Pee-Pee Paranoia

This is a blog that I actually stole from myself.  I needed a little comedic relief today and my son, Will, has always been a sure source of just that.  

Lately, Will has become overly obsessed with his penis, clutching it like a security blanket at home, at the grocery store, at church…

Like all boys, Will is particularly fond of his manhood.  I remember well the day he first discovered it.  He marched down the hallway into the living room wearing nothing but a pair of green frog rain boots and his Davy Crocket coon-skin hat.  He thrust his pelvis forward, pointing downward and announced, “Hey Mom!  Check out my pee-pee!”  It was a proud moment.

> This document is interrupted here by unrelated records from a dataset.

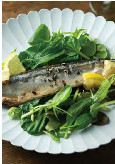
北海道産さんまのコンフィ オリーブオイル煮

コンフィは、食材を低温のオイルでじっくりと煮るフランス南西部発祥の調理方法です。骨ごとお召し上がりいただけますので、そのまま前菜として、ソテーや和風パスタなど幅広くお使いいただけます。
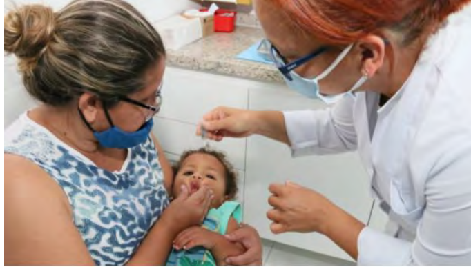
Prefeitura de Caraguatatuba

Ações terminam na próxima segunda-feira 30
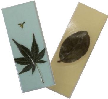
学んだ植物でしおりを作ろう！
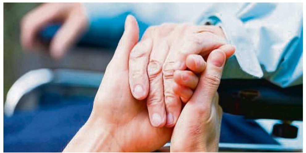
Betreuer helfen bedürftigen Menschen , etwa Senioren oder Asylbewerbern, indem sie ihnen Gesellschaft leisten.

Für die Senioren-Assistenten als Dienstleister wiederum kann der Beruf eine sinnstiftende Aufgabe sein.
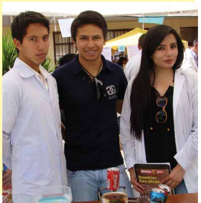
Estudiantes de Ing. Comercial
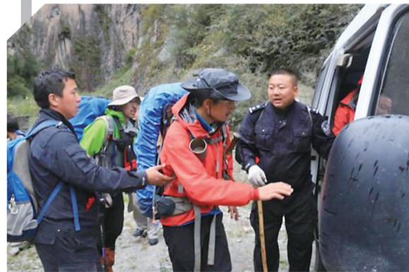
▲救援队营救被困驴友

10月12日,记者从四川卧龙国家级自然保护区管理局和卧龙特别行政区森林公安局了解到,3名违规进入卧龙保护区的驴友每人被罚款5千元,同时承担此次救援行动所产生的费用42506.10元。
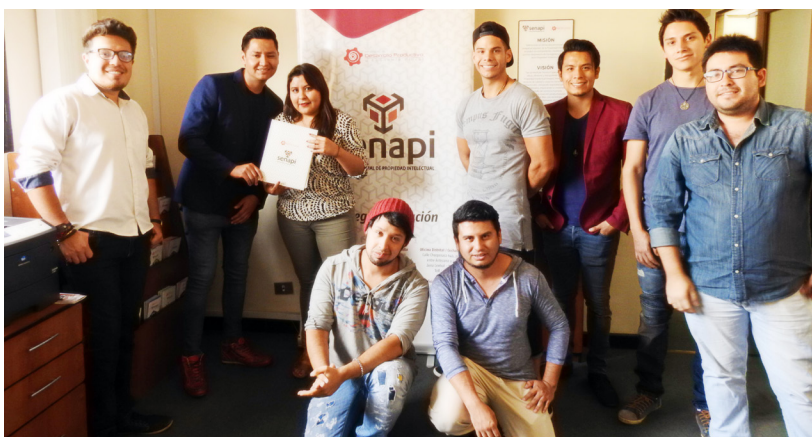
El grupo Ch'ila Jatun durante el registro de sus canciones en la oficina del Senapi Cochabamba

"Considero importante proteger el derecho intelectual de mis composiciones, porque al registrar mis canciones, estoy impidiendo que diferentes grupos o cantautores se apropien de la autoría de mis temas".
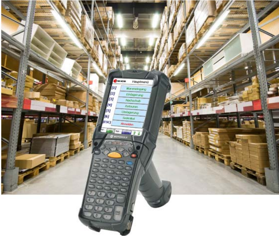
Abb. 2: Mobilität im Lager: Die Lagerverwaltungssoftware STRADIVARI WMS von ICS, hier auf dem neuen Motorola MC9190-G, überzeugt durch grafische Oberflächen und bedienerfreundliches Handling.
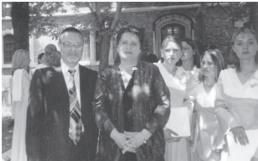
În Bulgaria cu corul Renaissance
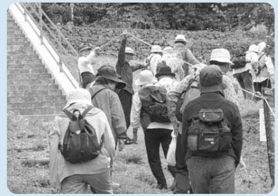
体力づくりと気分転換のためにミニハイキング

また、地域の一人暮らし高齢者や障害者が安心して暮らせるように、支部の「ふれあい委員」が戸別訪問を実施(希望者)するなど、「地域のつながり」を大切にしたい住民福祉活動に心掛けています。
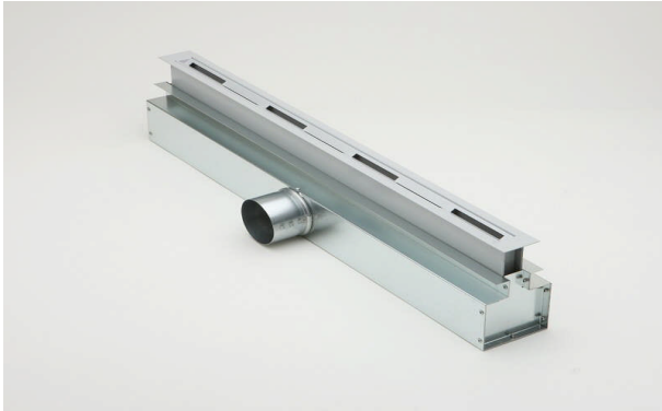
Vloerluchtrooster, type LDU, met zijdelingse luchtaansluiting
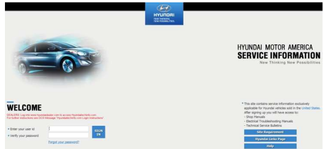
Strona rejestracji Hyundai

Aby pobrać pliki z danymi do programowania ECU wymagane jest dokonanie rejestracji.
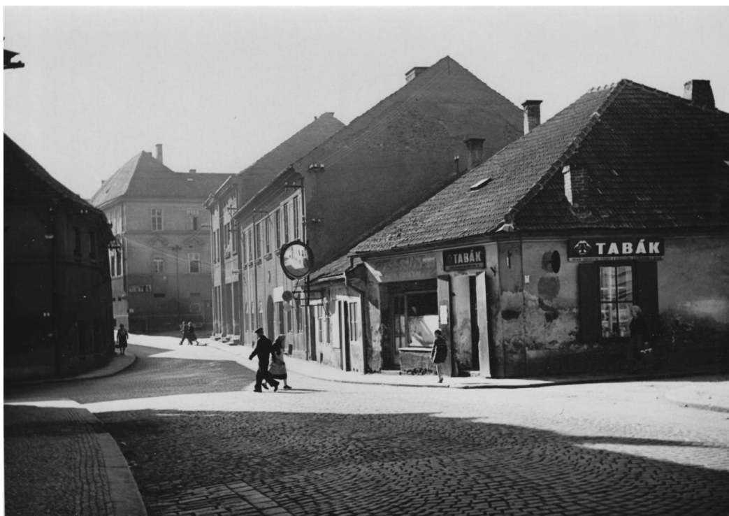
21. Křížení ulic Vnoučkova, Pražská a Nová Pražská, před asanací
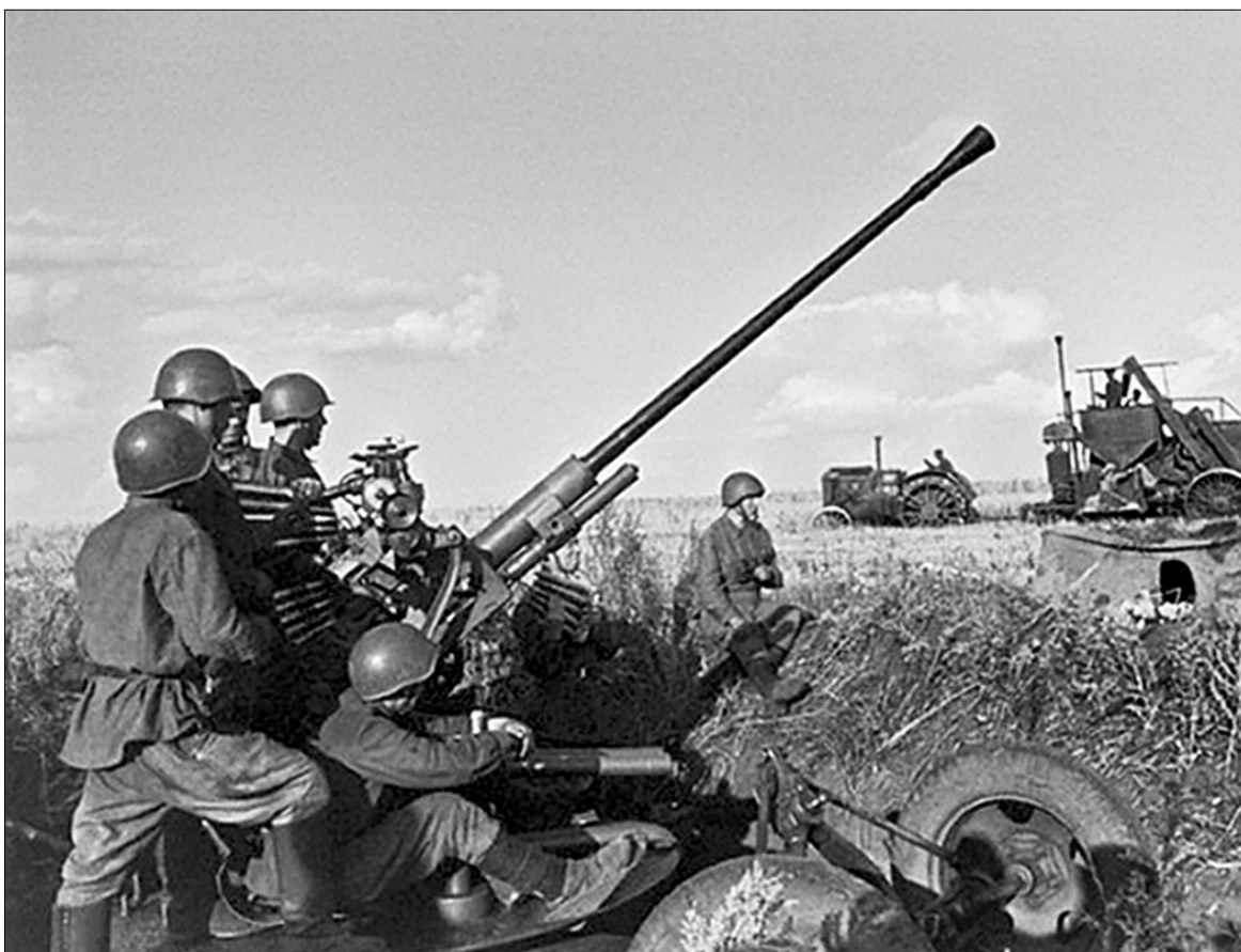
Першими киянами, що вступили в бій, були зенітники. Пропагандистське фото, зроблене на Київщині у 1941 році

Група військових істориків під керівництвом Григорія Кривошеєва називає цифру незворотних втрат радянських військ під час Київської оборонної операції 1941 року як 616,3 тисячі осіб. Довідник з історії наводить цифру — 1 мільйон.
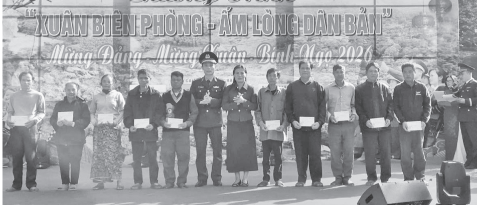
Cấp ủy, chính quyền, Ủy ban MTTQVN xã Thượng Trạch phối hợp với Đồn Biên phòng Cửa Roàng và Đồn Biên phòng Cà Roàng tổ chức chương trình "Xuân Biên phòng - Ấm lòng dân bản" năm 2026

Thời gian qua, các cuộc vận động và phong trào thi đua yêu nước do Ủy ban Mặt trận Tổ quốc Việt Nam (MTTQVN) các cấp trong tỉnh triển khai đã mang lại nhiều kết quả cụ thể, góp phần thực hiện tốt việc chăm lo đời sống Nhân dân trên địa bàn.
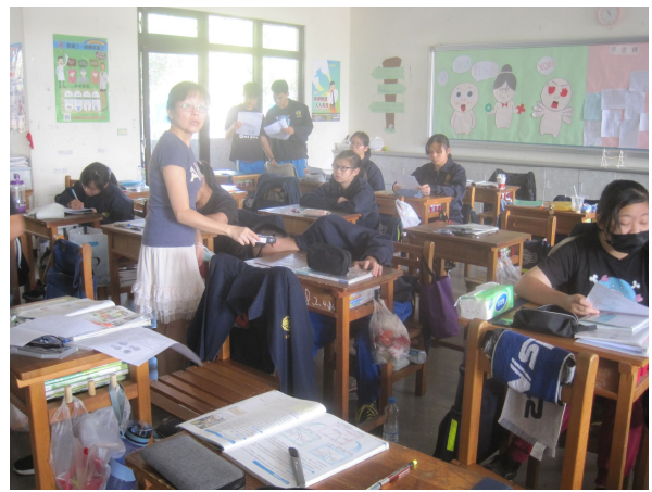
每學期進行班級桌面照度檢查， 黑板不低於 350 米燭光
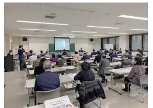
特別講師によるオンライン・オフライン無料研修
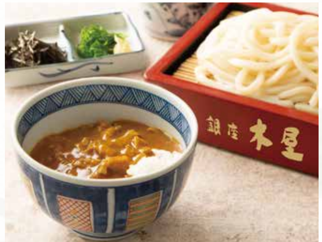
うどんと小カレー丼セット 1,190 (税込1,309)
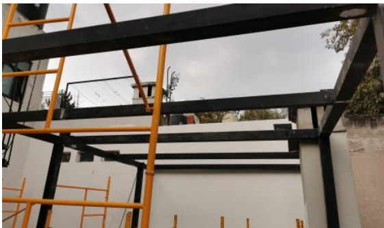
Rediseño de la terraza de la Oficina Regional.

La Ciudad de México es una de las megalópolis más grandes del mundo; más de 21 millones de personas viven Zona Metropolitana. A su vez, México tiene las condiciones climáticas ideales para utilizar la energía del sol para la producción de energía limpia y nuevas tecnologías. Es por tal motivo que el equipo del DAAD México ha decidido rediseñar sus instalaciones, de acuerdo con los requisitos para la protección del clima y los recursos. El proyecto más ambicioso es la instalación de 12 paneles solares que cubren el 100% del consumo eléctrico de la oficina y producen un excedente que se inyecta a la red estatal. Al cambiar a la energía solar, se pueden ahorrar alrededor de 4.5 toneladas de CO 2 al año. Los paneles solares tienen una garantía mínima de 25 años y la inversión inicial se amortizará en 4 años.
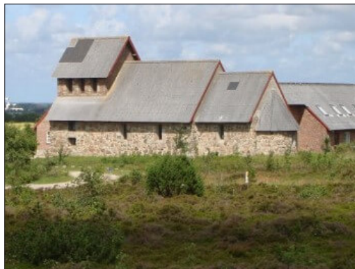
Hellig Kors Kloster er ramme om Historisk Samfunds sommermøde den 24. august.

Hardsyssel Historisk Samfund udsender med jævne mellemrum et elektronisk nyhedsbrev til vores medlemmer med stort og småt om arrangementer, hvad bestyrelsen har gang i, og hvad du som medlem kan forvente og glæde dig til.
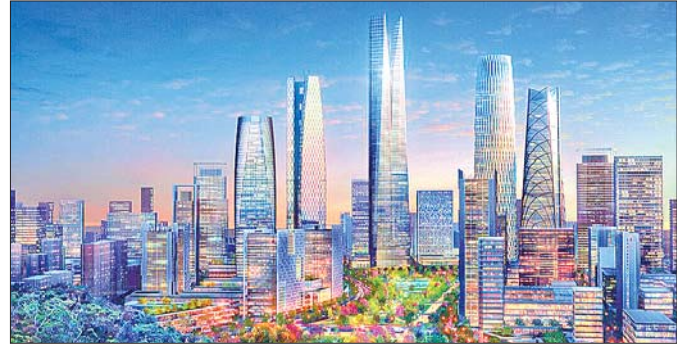
国际金融中心产业金融片区效果图。
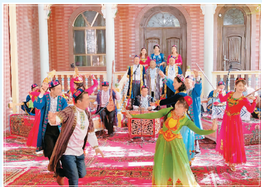
民间艺人载歌载舞。
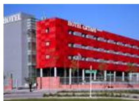
Ramada By Wyndham Madrid Getafe 9355
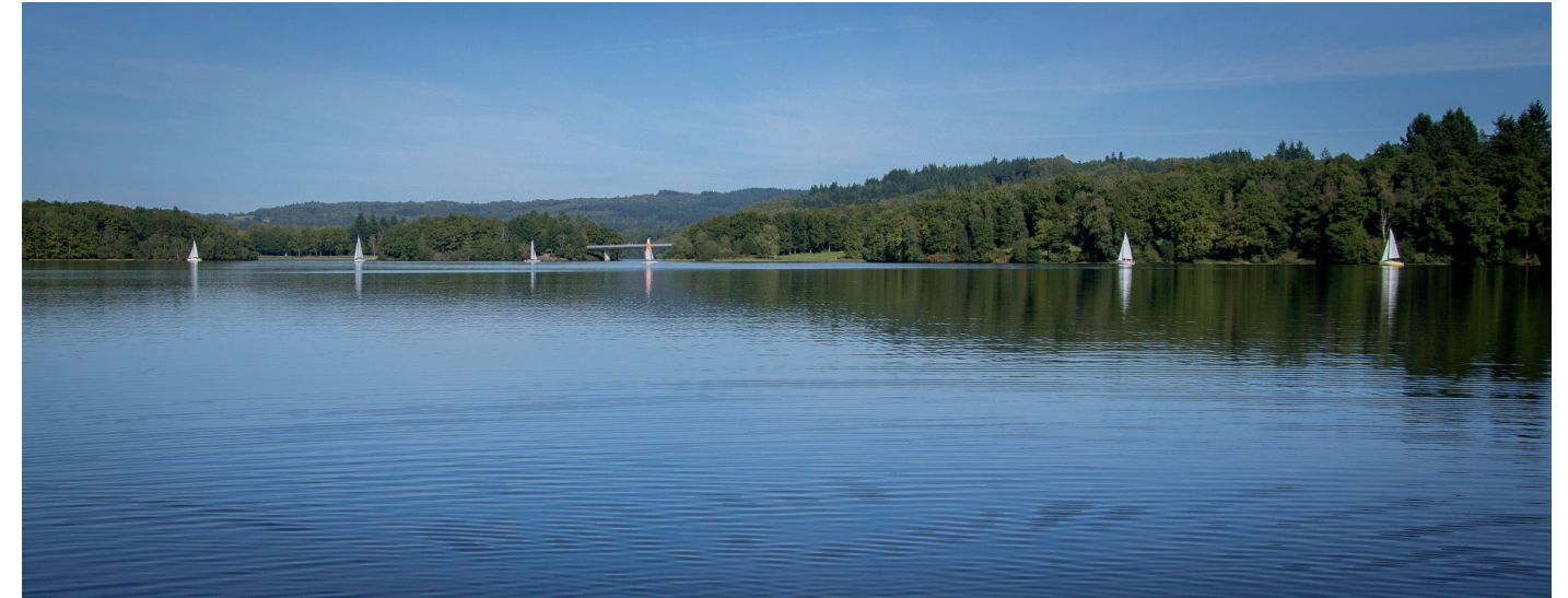
Photographie 21 : Le lac de Saint-Pardoux

Aucune vue sur la ZIP n'est possible depuis les berges et les secteurs touristiques. Les hauteurs des puys à l'ouest ainsi que la route D44a, en limite du périmètre du site inscrit et à l'écart du lac, permettent quelques rares échappées visuelles lointaines (cf. Photographie 22 ci-contre). Il s'agit toutefois de vues anecdotiques car elles sont ponctuelles et depuis des lieux très peu fréquentés. De plus, la ZIP est à très peu perceptible en raison de la distance et des masques végétaux (boisements). La sensibilité de ce site est très faible.
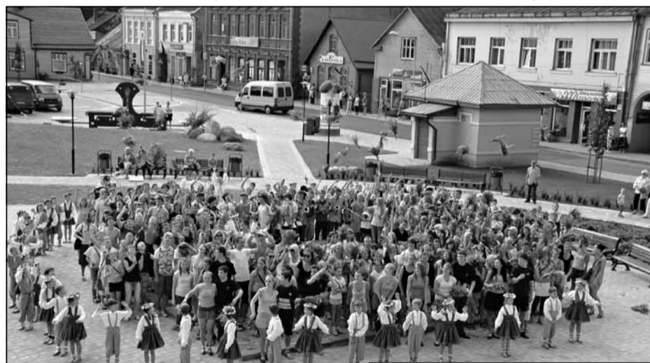
Šeit ir 473 dziesmu svētku dalībnieki, kuri godam pārstāvēja mūsu pilsētu svētkos
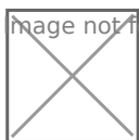
Tabela de DSR
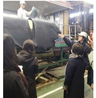
工場内を実際に歩き回り、各工程を見学しました。
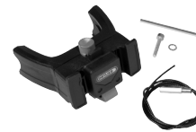
E226 Handlebar Mounting-Set E-Bike
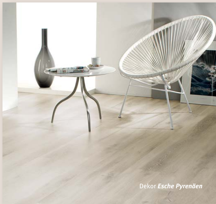
Dekor Esche Pyrenäen

Eine besonders edle Optik entsteht durch die Verlegung der neuen 180 cm langen Dielen. In großen Räumen sind sie eine Augenweide.
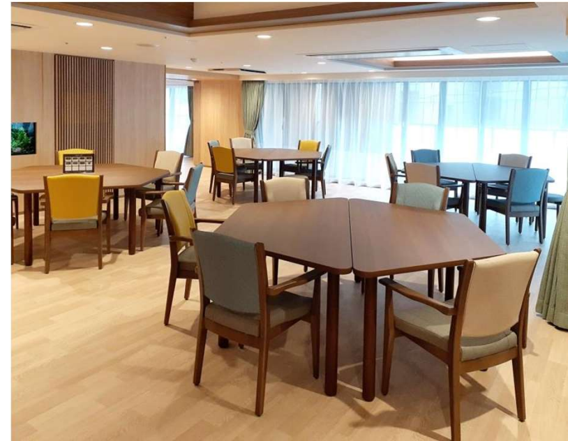
食堂 W878-41K7 ホールドチェア
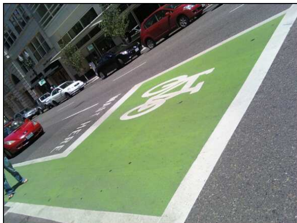
Priestor pre cyklistov

Since that day, he has developed some type of pee-pee paranoia.  As a result, I am developing a case of pee-pee humiliation.

Last week, my daughter was “helping” me prepare supper and Will was marching in the kitchen.  As usual, his hand was firmly clasped over his crotch.

“Will, do you need to go potty?” I asked looking up from the casserole before me.

He froze with his free hand out in front of him, glancing suspiciously around the room like some sort of spy.  “No,” he answered is raspy whisper.

“Then stop holding your pee-pee,” I said.

“I have to protect it,” he said still in spy-stance.  “There’s a bee in the house.”